Insitekaltim, Samarinda – Pemerintah Provinsi Kalimantan Timur (Kaltim) didesak untuk mengambil langkah konkret dalam merumuskan kebijakan mitigasi bencana alam secara menyeluruh dan terstruktur.
Wakil Ketua Komisi II DPRD Kaltim Sapto Setyo Pramono menekankan pentingnya kesepakatan lintas sektor dan wilayah guna menyusun cetak biru atau blue print penanganan bencana dari hulu ke hilir.
Menurut Sapto, selama ini belum ada panduan komprehensif yang bisa dijadikan acuan tetap dalam merespons bencana secara sistematis. Ia memandang perlu ada sinergi yang lebih erat antara pemerintah provinsi dan pemerintah kabupaten/kota, agar penanganan bencana tidak lagi bersifat reaktif dan sektoral.

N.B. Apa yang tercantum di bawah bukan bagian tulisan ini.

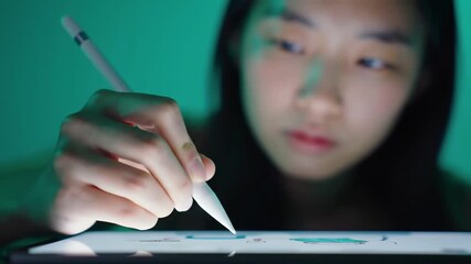 Young Student Using Tablet For Digital Learning Videos

“Artinya penyebabnya apa, akar permasalahannya apa, kemudian langkah-langkah menghentikan secara jangka pendek dan jangka panjang. Selama ini belum ada blue print seperti itu. Harus clear,” tutur Sapto saat ditemui MSI Group di ruang kerjanya, Senin, 2 Juni 2025.
Politisi Partai Golkar ini menilai, pembangunan dan kegiatan ekonomi di Kalimantan Timur kerap mengabaikan daya dukung dan daya tampung lingkungan. Dalam berbagai kasus, kebijakan alih fungsi lahan di sejumlah kabupaten justru menjadi pemicu bencana, alih-alih membawa manfaat ekonomi bagi masyarakat.

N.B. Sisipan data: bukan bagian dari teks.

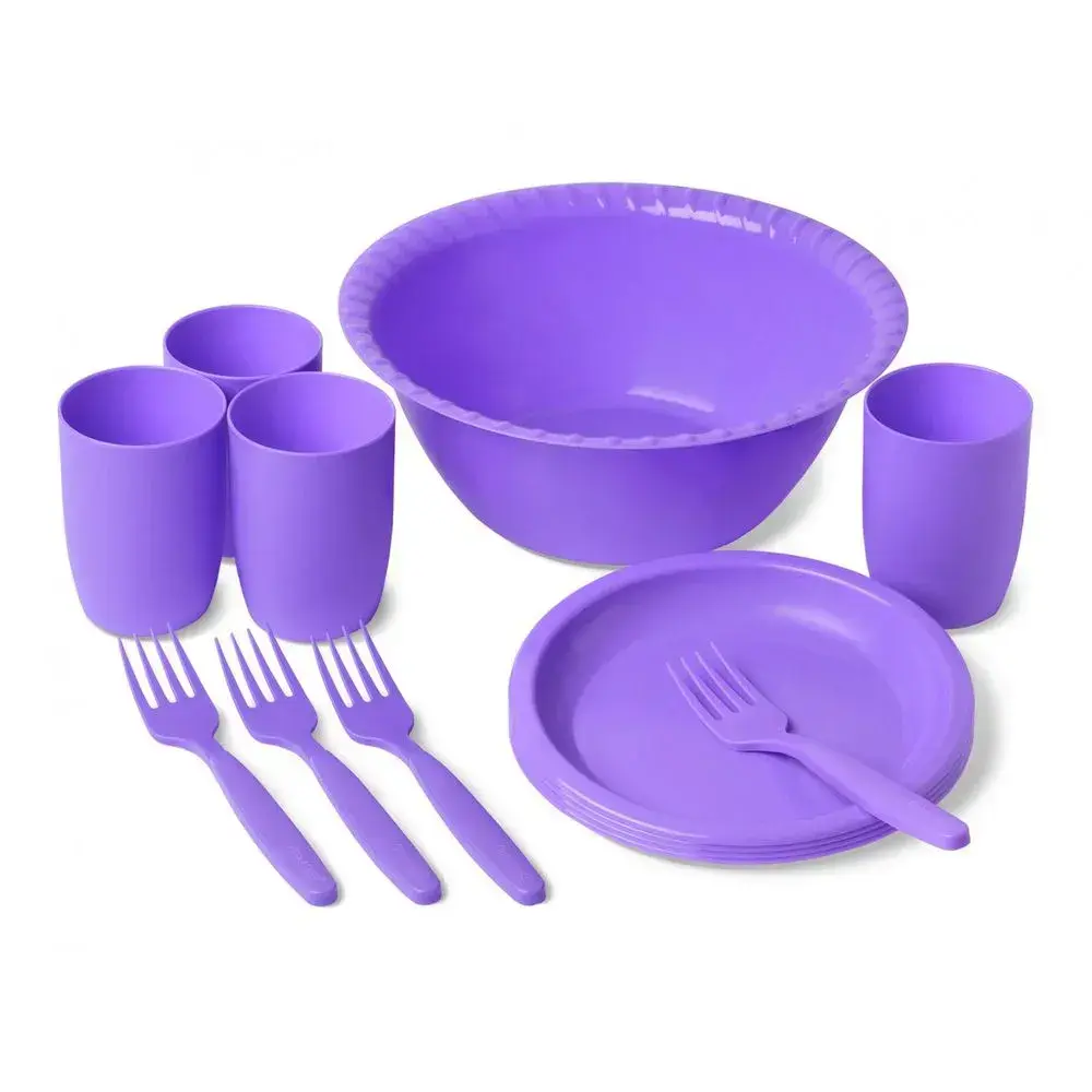 Комплект подойдёт любителям активного отдыха, семьям с детьми и организаторам выездных мероприятий. Лёгкие и небьющиеся предметы особенно практичны для использования на даче, в походах или во время пикника в парке. Благодаря продуманной комплектации вы сможете накрыть стол для полноценного обеда на свежем воздухе за считанные минуты.

Ia mencontohkan bagaimana kebijakan lokal yang berorientasi ekonomi seringkali tidak memperhitungkan dampak ekologis. Akibatnya, bencana seperti banjir dan longsor menjadi konsekuensi yang tak terelakkan. Dalam konteks inilah Sapto mengusulkan agar seluruh pemangku kepentingan duduk bersama dan membangun sistem mitigasi yang terintegrasi.
“Saya mendorong Pemerintah Provinsi Kaltim untuk meluangkan waktu, mengagendakan khusus dalam rangka memitigasi bencana agar menjadi bagian dari penanganan khusus dari pemerintah provinsi maupun kabupaten/kota, sehingga pemerintah pusat pun dapat mengambil bagian dalam penyelesaian masalah banjir ini,” ujarnya.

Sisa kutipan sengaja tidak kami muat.